THE TUESDAY BOOK: How jazz joined the US diplomacy arsenal

Satchmo Blows Up The World Penny von Eschen Harvard University Press, pounds 19.95/pounds 18.95 (free p&p) from 0870 079 8897

PENNY VON ESCHEN takes her title from an article in Drum magazine celebrating the African tour which Louis Armstrong and his All Stars made at the height of the Cold War in 1956. He had been sent by CBS television, which wanted to film his return to his roots, but when the US government saw the ecstatic local response, they couldn't wait to send him back as their cultural ambassador. Neither could the soft drinks companies which plastered Lagos and Accra with the slogan: "You like Satchmo. Pepsi brings you Satchmo. Therefore you like Pepsi."

The real motor in this story is the US State Department, which in the mid-Fifties made the export of jazz its pet project. As von Eschen points out, this was extraordinary, given that jazz was still regarded by conservative Americans as a degenerate art fuelled by sex and drugs, and that its leading lights were black. While America was in the throes of a last-ditch battle between segregationists and the civil-rights movement, her cultural agencies were flourishing black jazz musicians as the country's badge of acceptability.

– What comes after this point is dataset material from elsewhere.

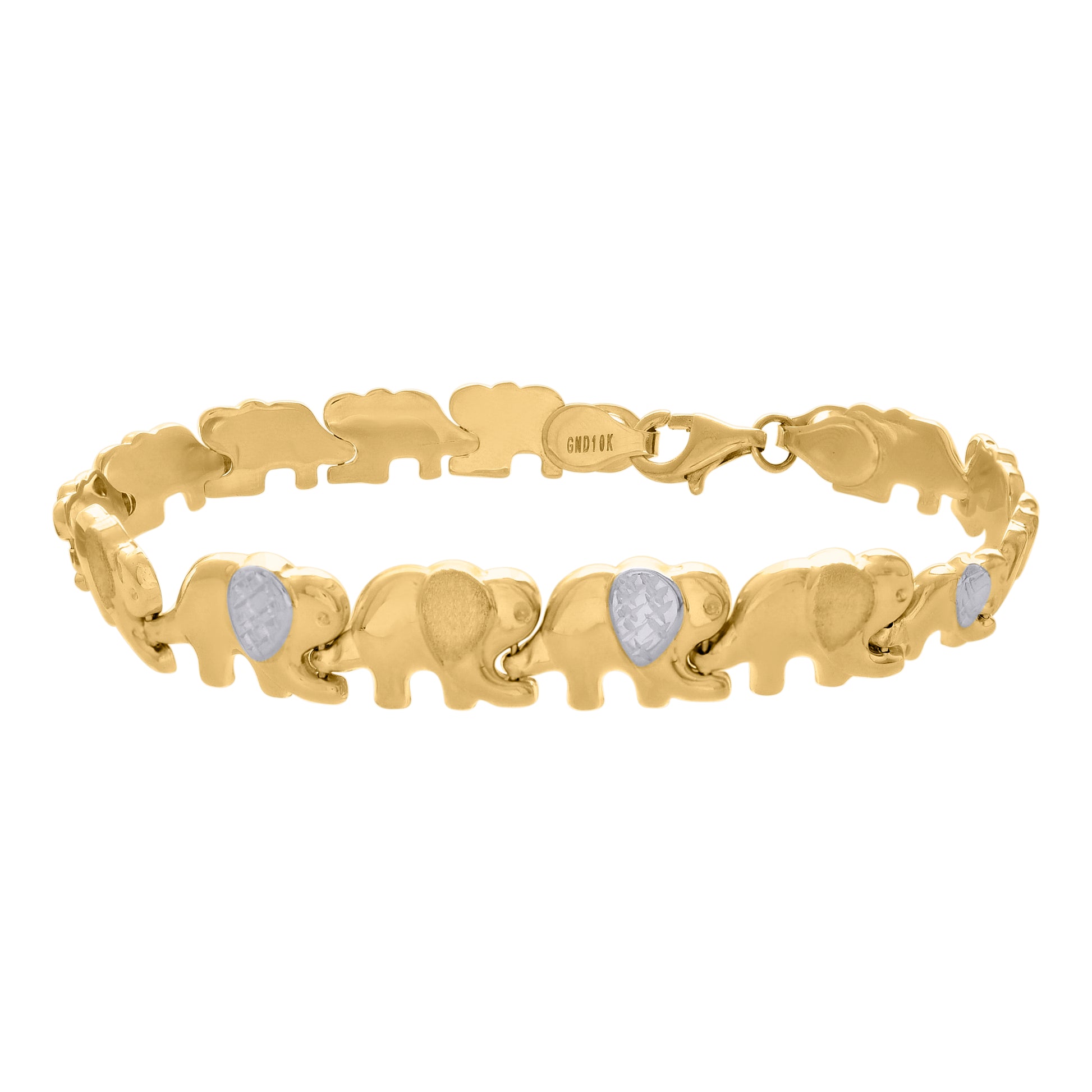 10kt Two-tone Gold Womens Elephant Good Luck Link 7" Bracelet

Presidents Eisenhower, Johnson, and Nixon desperately needed that badge, Johnson comically so. After he gave mortal offence to the jazz-loving king of Thailand by sitting cross-legged with his feet pointing towards the monarch's face, Stan Getz was sent east to smooth things over. More seriously, jazz ambassadors were despatched whenever the US had an image problem, or wherever the battle for oil, cobalt, uranium or tin looked like being lost to the Soviets. As covert US operations in countries bordering Vietnam grew in intensity, so did the jazz onslaught, helped by spin from the Voice of America.

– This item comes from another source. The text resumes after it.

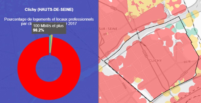 Aujourd’hui, grâce aux données fournis par l’Observatoire France Très Haut Débit, nous vous proposons de découvrir le déploiement du très haut débit pour tous les opérateurs sur la 89ème ville la plus peuplée de France : Clichy.

Willis Conover, who fronted its music broadcasts, opined that "jazz is a musical reflection of the way things happen in America ... People in other countries can feel this element of freedom. They love jazz because they love freedom." Some of the ambassadors agreed. Benny Goodman - who jammed with the delighted Thai king - was declaring as early as 1956 that racism had been routed in America, and that jazz had played its part.

Others remained obdurate. Satchmo blackmailed Eisenhower into a reluctant crackdown on racism in Alabama by threatening to tour no more.

This book abounds in piquant moments where artists went off-message. Duke Ellington caused a furore by parading with his unmarried companion in Baghdad in 1963. The scandal was only defused thanks to Kennedy's assassination, the next day.

Von Eschen's prose may occasionally get clogged, but this book fascinates on many levels. Whether for juicy anecdotes or a potted history of jazz in Soviet Russia, where the Americans were amazed by the expertise of fans, this is where to look.